Contudo, os agentes do governo parecem sempre determinados a encontrar novas formas de atacar a comunidade somali. Nos dias que se seguiram ao ataque de Garissa, o vice-presidente do Quênia ordenou à ONU que o acampamento de Dadaab fosse fechado e cerca de 350.000 refugiados deportados, argumentando que o local havia se tornado um reduto do al-Shabaab. A comunidade internacional conseguiu, até o momento, convencer o governo a manter o acampamento.
O governo fechou 13 hawalas, empresas especializadas na transferência de fundos usadas por toda a diáspora somali, dizendo que terroristas estão usando o sistema para financiar suas atividades. Embora as hawalas tenham de fato sido investigadas internacionalmente nos últimos anos, é também verdade que famílias de toda a Somália literalmente dependem deste sistema, assim como pessoas de etnia somali no Quênia, sejam cidadãos ou refugiados. Até mesmo agências de auxílio humanitário as têm utilizado. As hawalas são a forma pela qual a mãe de Anab envia dinheiro à China quando precisa reabastecer seu estoque. O banimento foi suspenso no final de junho.

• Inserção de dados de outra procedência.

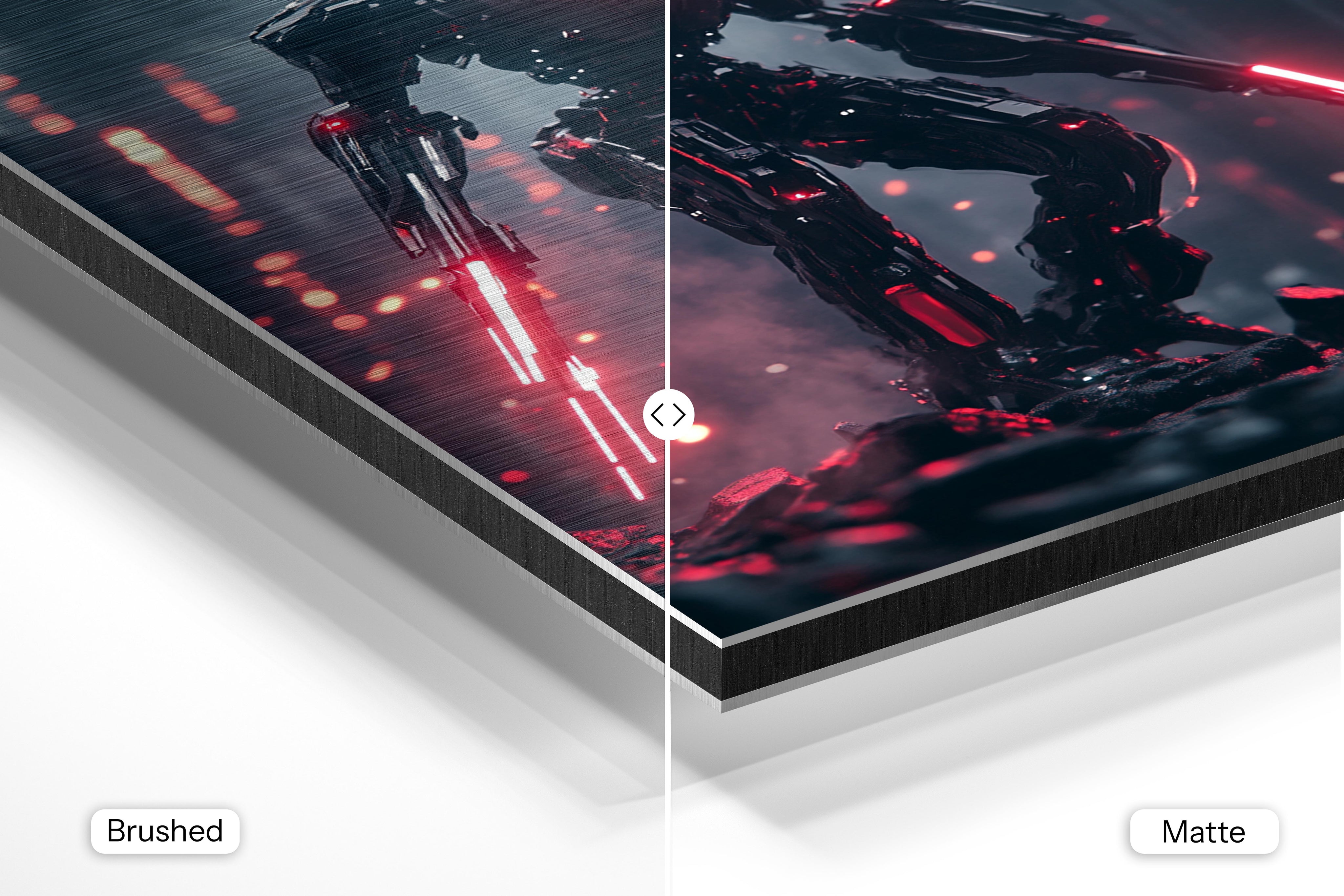 - Brushed Aluminum, on the other hand, features a raw metallic texture with visible brush strokes. Whites and highlights in your image let the silver surface show through, adding a dramatic, shimmering effect. Ideal for black-and-white images, minimalist designs, or abstract art, it creates a bold, industrial vibe with a modern edge.
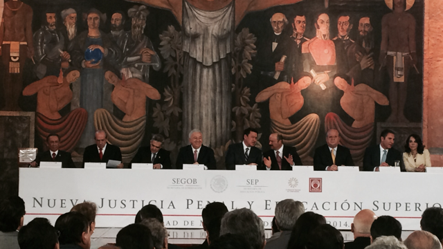 Reunidos en el salón Hispanoamericano de la Secretaría de Educación Pública (SEP), el secretario de Gobernación, Miguel Osorio Chong, el secretario general de la Asociación Nacional de Universidades e Instituciones de Educación Superior (ANUIES), Enrique Fernández Fassnatch, y el jefe de gobierno del Distrito Federal, Miguel Ángel Mancera, firmaron el convenio que compromete a las casas de estudio a modificar sus planes y programas para adecuarlos al nuevo sistema penal mexicano.
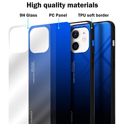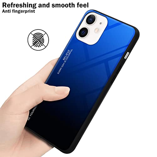 Cadorabo Custodia compatibile con Apple iPhone 12 MINI in BLU - NERO - Coperchio protettivo bicolore in silicone TPU e retro in vetro temperato
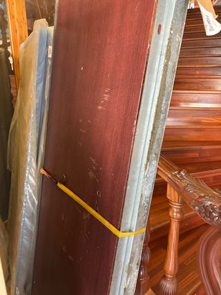 Puerta de madera con marco metálico, ideal para seguridad.Antiocupa ,NO TIENE LLAVE POR ESO EL PRECIO - Color madera oscura. - Marco metálico resistente.

Tema não interessa à imprensa
No início de 2015, nove meses após a Operação de Vigilância Usalama e três meses antes do ataque de Garissa, eu e Anab nos encontramos mais uma vez. Ela me disse como, na noite anterior, a polícia havia estacionado um caminhão na rua de sua casa em Eastleigh e levado todos os homens somali que ali encontraram. Levaram garotos, jovens e idosos. “Nós estávamos aqui na varanda”, explica, gesticulando. “O caminhão ficou cheio, eles o conduziram não sei até onde e, em seguida, voltaram para buscar mais gente”.
Nos meses que se seguiram ao ataque em Garissa, as coisas pioraram em Eastleigh, diz Anab. A despeito do entusiasmo todo quanto à criação das novas leis de segurança, os policiais continuaram exigindo propinas enquanto atravessavam a vizinhança revistando as residências, desta vez em operações sem nome oficial ou hashtag. Para a mãe de Anab, a última gota foi quando tentaram prender seu irmão, menor de idade. Desde então, a família deixou Eastleigh e está finalmente residindo em um local mais próximo do centro. Estão a menos de três quilômetros de Eastleigh, mas a polícia ainda não chegou até a porta de casa.

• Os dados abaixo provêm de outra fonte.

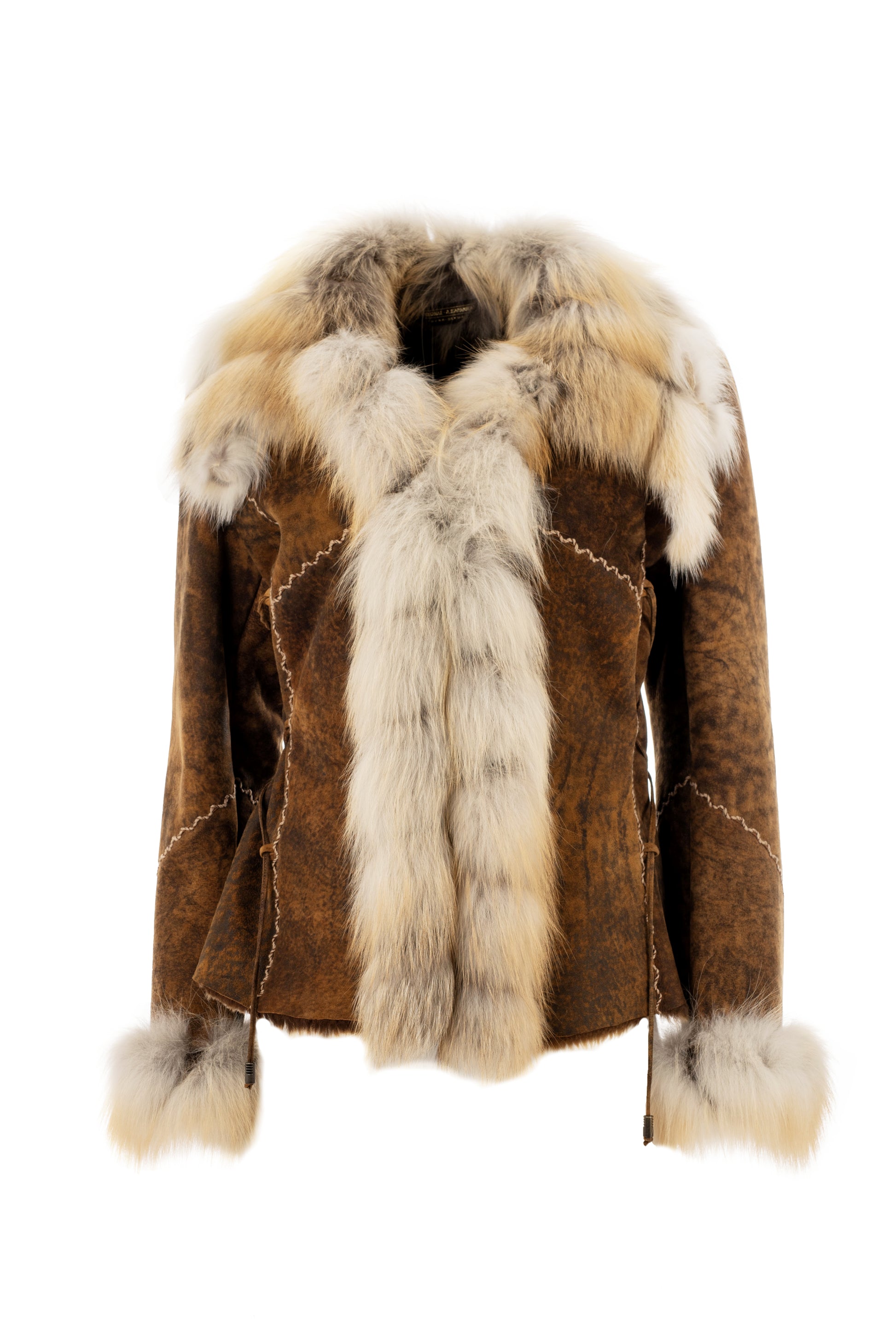 3001 - Antique Brown Sheepskin Jacket with Fur Collar

Esses fatos não chegam ao noticiário. Nem mesmo minha amiga Sally, que vive a apenas alguns minutos de caminhada até Eastleigh, sabia das batidas policiais; o que se dirá de minha mãe, que vive do outro lado da cidade? Visitei o cerimonial cristão em homenagem às vítimas do ataque de Garissa, onde apenas uma única frase de todas as orações foi dirigida aos nossos compatriotas muçulmanos. Diante de nosso luto e de nossas tentativas de aliviar a dor, nós nos esquecemos do luto e da dor dos somalis e de outros muçulmanos. Este é o privilégio ao estilo queniano: muita energia é necessária para remover a proverbial trave em nossos olhos.
Ngwatilo Mawiyoo é poeta, escritora e atriz. Sua primeira coletânea de poemas, “Blue Mothertongue”, foi publicada em 2010, seguida pelo álbum “Introducing Ngwatilo”, de 2011.